The Nation
- Type: Daily newspaper
- Format: Berliner
- Owner: Nation Publications Limited
- Editor: Ephraim Munthali
- Founded: 1993; 33 years ago
- Language: English, Chewa, Tumbuka
- Headquarters: Blantyre, Malawi
- Website: https://www.mwnation.com/

= The Nation (Malawi) =

Newspaper based in Blantyre, Malawi

The Nation is a newspaper based in Blantyre, Malawi, owned by Nation Publications Limited. It began distribution on 26 July 1993, and became a daily newspaper on 11 July 1994, coming out on Mondays through Fridays. Its sister newspaper, Saturday Nation, now called Weekend Nation, was launched in 1995.

==The Nation Newspaper==
The Nation began distribution in July 1993 and became a daily newspaper in 1994. It became an important voice against the one party rule and the MCP party during the transition to multi-party rule.

==The Weekend Nation==
The Weekend Nation is a weekly newspaper based in Blantyre, Malawi, owned by Nation Publications Limited (NPL). The weekly version is The Nation. It was originally called Saturday Nation and was launched in 1995.

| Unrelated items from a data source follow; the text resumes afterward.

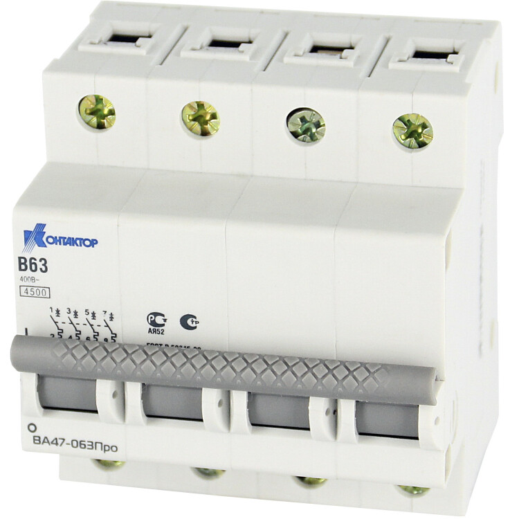 Автоматический выключатель ВА47-063, 4P, 1A, Icu-4,5kA, х-ка С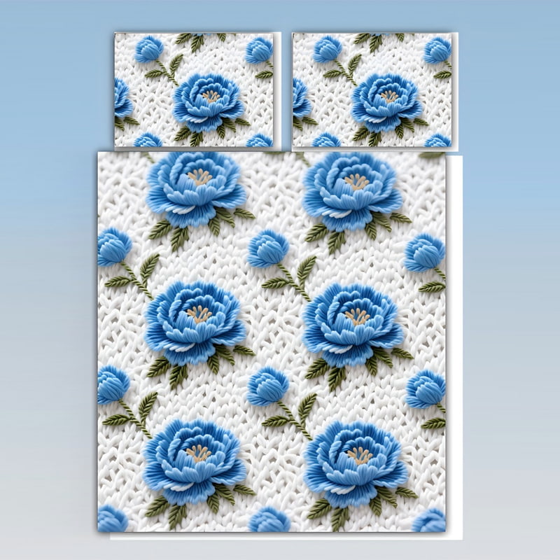 Transform your bedroom with Blue Peony Dream, a stunning bedding set featuring high-resolution 5D digital printing. The exquisite blue peony flowers bloom vividly across a soft white woven-texture background, creating a breathtaking 3D illusion of hand-embroidered artistry. Each petal radiates lifelike beauty, giving your space a refreshing and elegant touch.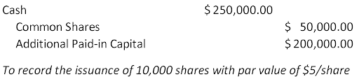 For example, if you paid $25 for a share that has a par value of $5, then the excess of $20 will be recorded by the corporation as additional paid-in capital.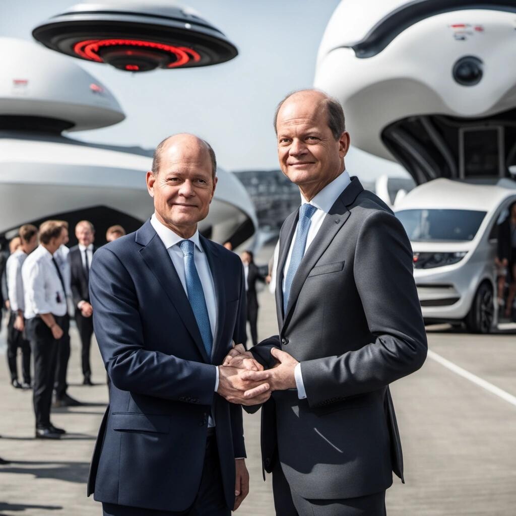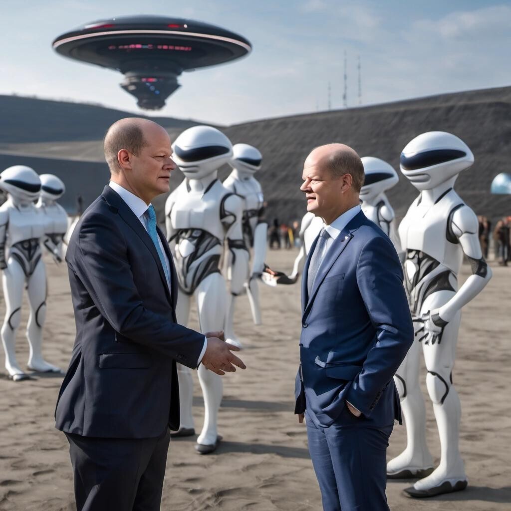 Prompt: Olaf Scholz meets the alien ambassador, alien starship in the background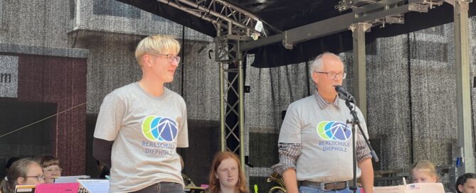 Neue T-Shirts für die Bläserklassen Ein Traum in Grau – die neuen Shirts mit dem neuen Logo der Realschule Diepholz. Möglich gemacht hat dies die Firma Delta - Safety & Protection, die der Realschule Diepholz zu Beginn des neuen Schuljahres 40 T-Shirts als „Bühnenkleidung“ für die Musiker der Bläserklassen gespendet hat. Wir bedanken uns herzlich bei der Firma Delta! Thomas Mengedoth, einer der Geschäftsführer der Firma Delta, überreicht dem Bläserklassenleiter Stephan Klöpzig die neuen T-Shirts

===Cochrane-Dyet 2011 cable controversy===

In April 2011, the Weekend Nation published an article quoting a leaked diplomatic telegram from British High Commissioner Fergus Cochrane-Dyet in which he wrote that Malawian President Bingu wa Mutharika was "becoming ever more autocratic and intolerant of criticism". On 27 April 2011, Malawi's government declared Cochrane-Dyet persona non grata and expelled him from the country. The UK responded by expelling Malawi's acting high commissioner, Flossie Chidyaonga. British aid to Malawi was also cut off.

In October 2011, Mutharika apologized for the expulsion of Cochrane-Dyet and lifted his ban from Malawi. By November 2011, Cochrane-Dyet had not been sent back to Malawi, and the British government had not decided whether or not to re-establish normal relations with Malawi. Relations between the two countries did not normalize until there was a change of leadership in Lilongwe, in April 2012.

==The Nation and Weekend Nation Online==
The online version of the Daily and Weekend Nation began in 1998.

==Fuko==

The Nation launched its Chewa language and Tumbuka language development paper online, which it distributes for free in rural areas. The paper partners with the United Nations Population Fund, Total Land Care, Malawi Rural Finance Company, and Pride Malawi.

==Nations Publications Limited==
The Nation and Weekend Nation are publications of Nations Publication Limited (NPL), which is located in Blantyre. NPL's parent company was founded by Aleke Banda after the 1993 referendum in Malawi. It started with eight employees. This included Ken Lipenga, who served as the editor-in-chief until 1995. Its initial assets consisted of one car, two computers, and two telephones. It currently has offices in Blantyre, Lilongwe, Mzuzu, and Zomba.

Banda became the country's former agriculture minister and former vice president of the United Democratic Front (Malawi). In 2010, Mbumba Banda, Aleke Banda's daughter, became the managing director after the death of her father.

==Notable contributors==
- Mabvuto Banda, journalist
- Rex Chikoko, investigative journalist
- Edyth Kambalame, Deputy editor
- Desmond Dudwa Phiri, columnist, economist, sociologist, writer.